What this task involves
Every line from the one with "en gris foncé." to the final line of the records should be printed exactly as it is, with pictures left out.

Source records
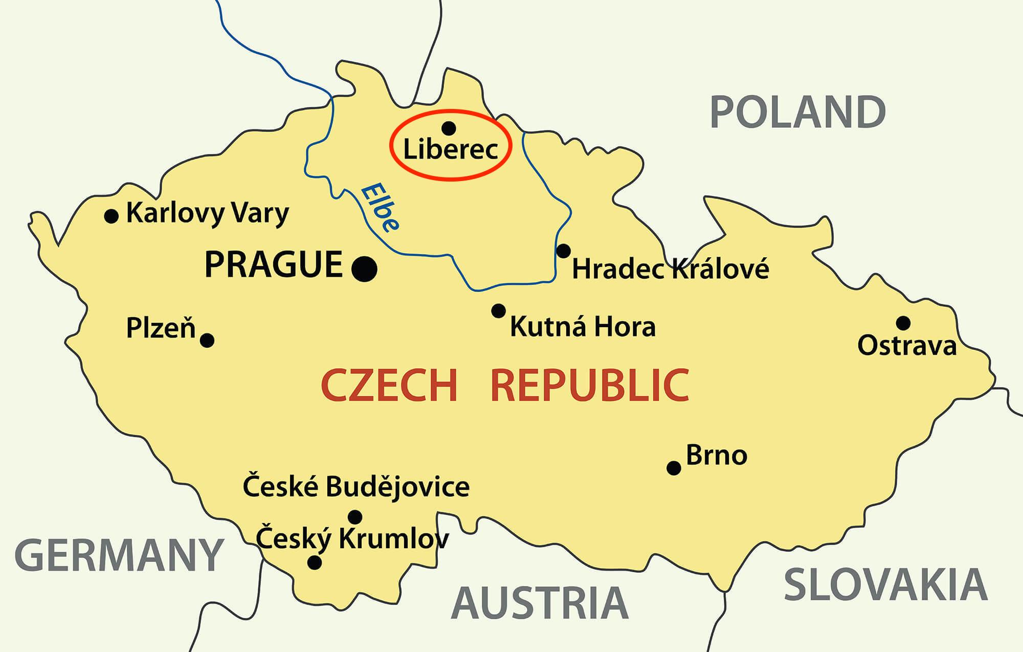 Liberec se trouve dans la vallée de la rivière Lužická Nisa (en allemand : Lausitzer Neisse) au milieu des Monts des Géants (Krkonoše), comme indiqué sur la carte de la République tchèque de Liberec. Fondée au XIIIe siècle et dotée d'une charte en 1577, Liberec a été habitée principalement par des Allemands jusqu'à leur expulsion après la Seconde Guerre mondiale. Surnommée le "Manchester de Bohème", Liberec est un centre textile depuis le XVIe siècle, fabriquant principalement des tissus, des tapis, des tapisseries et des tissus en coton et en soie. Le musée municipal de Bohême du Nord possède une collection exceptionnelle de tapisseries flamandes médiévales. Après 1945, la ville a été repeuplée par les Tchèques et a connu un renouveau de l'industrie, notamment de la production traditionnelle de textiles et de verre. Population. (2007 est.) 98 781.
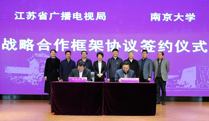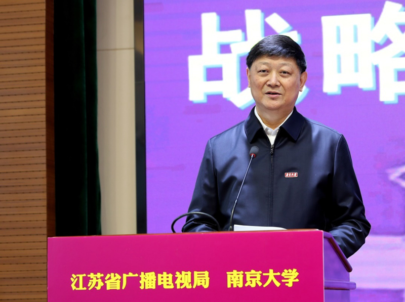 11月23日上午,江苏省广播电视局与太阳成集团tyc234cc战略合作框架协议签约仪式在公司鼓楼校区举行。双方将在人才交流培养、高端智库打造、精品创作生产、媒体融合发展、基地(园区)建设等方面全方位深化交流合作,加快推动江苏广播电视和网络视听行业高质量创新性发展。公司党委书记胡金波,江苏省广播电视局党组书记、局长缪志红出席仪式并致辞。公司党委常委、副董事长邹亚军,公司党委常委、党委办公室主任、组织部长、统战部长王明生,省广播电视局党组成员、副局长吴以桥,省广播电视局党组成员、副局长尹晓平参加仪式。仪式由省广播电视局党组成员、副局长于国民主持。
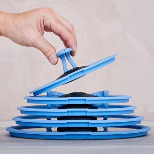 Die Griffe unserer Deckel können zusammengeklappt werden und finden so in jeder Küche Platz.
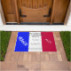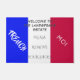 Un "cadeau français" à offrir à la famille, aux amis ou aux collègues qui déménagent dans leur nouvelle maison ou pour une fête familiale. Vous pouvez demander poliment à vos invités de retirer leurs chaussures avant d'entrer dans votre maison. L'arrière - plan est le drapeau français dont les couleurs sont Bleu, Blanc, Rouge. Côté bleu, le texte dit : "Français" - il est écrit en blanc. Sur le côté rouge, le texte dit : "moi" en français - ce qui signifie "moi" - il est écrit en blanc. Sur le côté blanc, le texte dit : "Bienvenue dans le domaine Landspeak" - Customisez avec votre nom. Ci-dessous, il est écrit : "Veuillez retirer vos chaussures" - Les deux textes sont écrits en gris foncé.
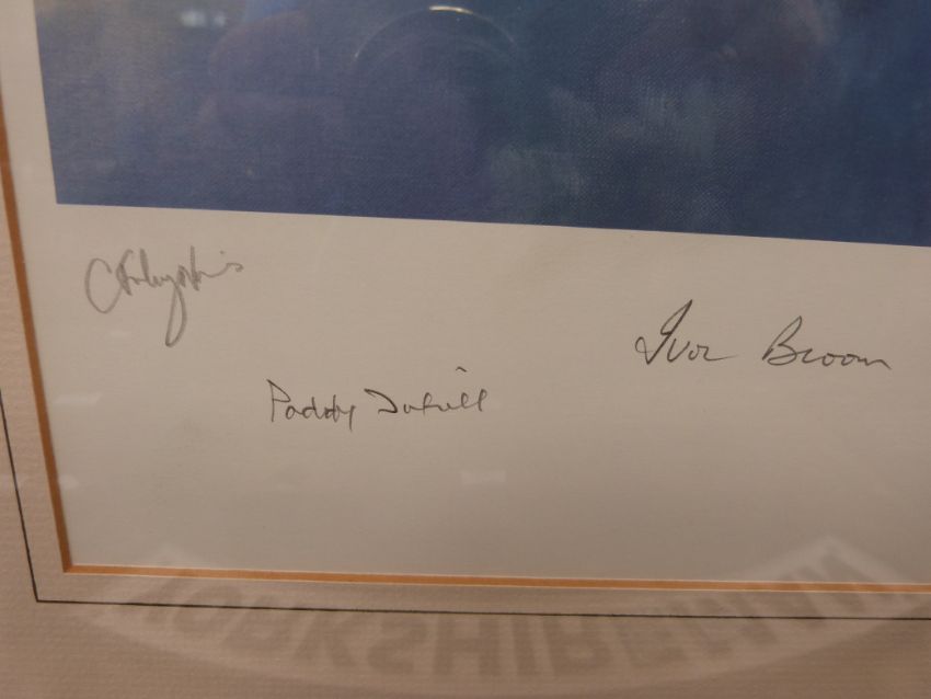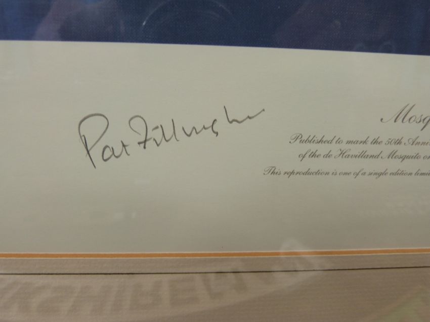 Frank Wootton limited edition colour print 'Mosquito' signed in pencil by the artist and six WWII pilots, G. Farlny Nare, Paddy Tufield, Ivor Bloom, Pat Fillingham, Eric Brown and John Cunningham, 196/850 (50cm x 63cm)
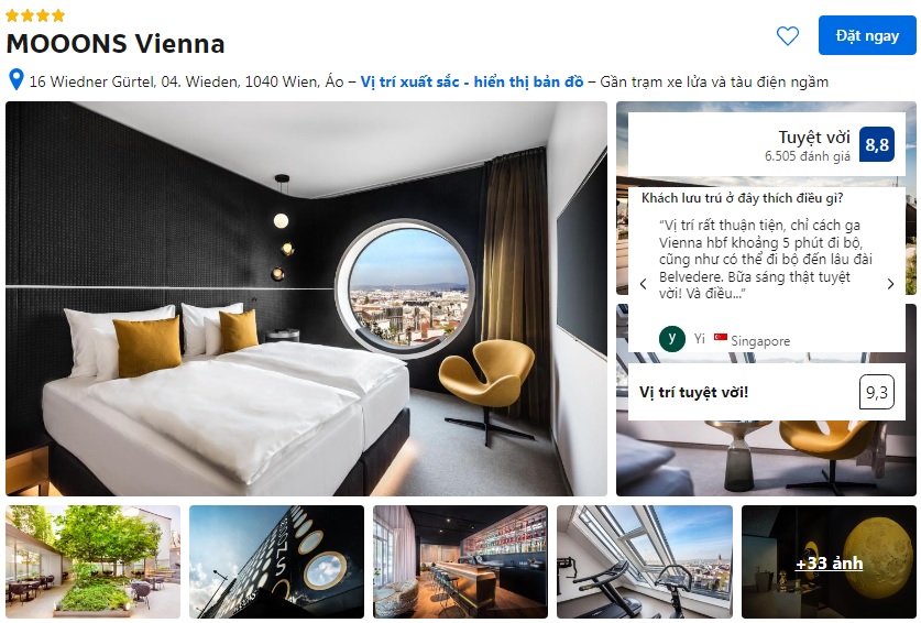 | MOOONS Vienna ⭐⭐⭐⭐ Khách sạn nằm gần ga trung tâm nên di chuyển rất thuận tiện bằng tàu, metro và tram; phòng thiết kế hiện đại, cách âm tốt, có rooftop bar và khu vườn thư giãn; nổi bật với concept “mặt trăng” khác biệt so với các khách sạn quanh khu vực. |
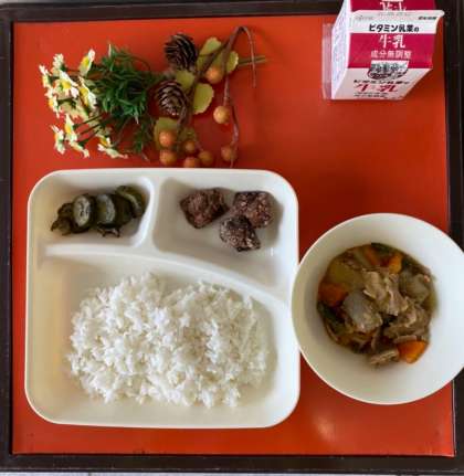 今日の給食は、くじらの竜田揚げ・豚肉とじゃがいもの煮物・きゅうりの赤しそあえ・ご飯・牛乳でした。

Response box
 Un "cadeau français" à offrir à la famille, aux amis ou aux collègues qui déménagent dans leur nouvelle maison ou pour une fête familiale. Vous pouvez demander poliment à vos invités de retirer leurs chaussures avant d'entrer dans votre maison. L'arrière - plan est le drapeau français dont les couleurs sont Bleu, Blanc, Rouge. Côté bleu, le texte dit : "Français" - il est écrit en blanc. Sur le côté rouge, le texte dit : "moi" en français - ce qui signifie "moi" - il est écrit en blanc. Sur le côté blanc, le texte dit : "Bienvenue dans le domaine Landspeak" - Customisez avec votre nom. Ci-dessous, il est écrit : "Veuillez retirer vos chaussures" - Les deux textes sont écrits en gris foncé.
 Frank Wootton limited edition colour print 'Mosquito' signed in pencil by the artist and six WWII pilots, G. Farlny Nare, Paddy Tufield, Ivor Bloom, Pat Fillingham, Eric Brown and John Cunningham, 196/850 (50cm x 63cm)
 | MOOONS Vienna ⭐⭐⭐⭐ Khách sạn nằm gần ga trung tâm nên di chuyển rất thuận tiện bằng tàu, metro và tram; phòng thiết kế hiện đại, cách âm tốt, có rooftop bar và khu vườn thư giãn; nổi bật với concept “mặt trăng” khác biệt so với các khách sạn quanh khu vực. |
 今日の給食は、くじらの竜田揚げ・豚肉とじゃがいもの煮物・きゅうりの赤しそあえ・ご飯・牛乳でした。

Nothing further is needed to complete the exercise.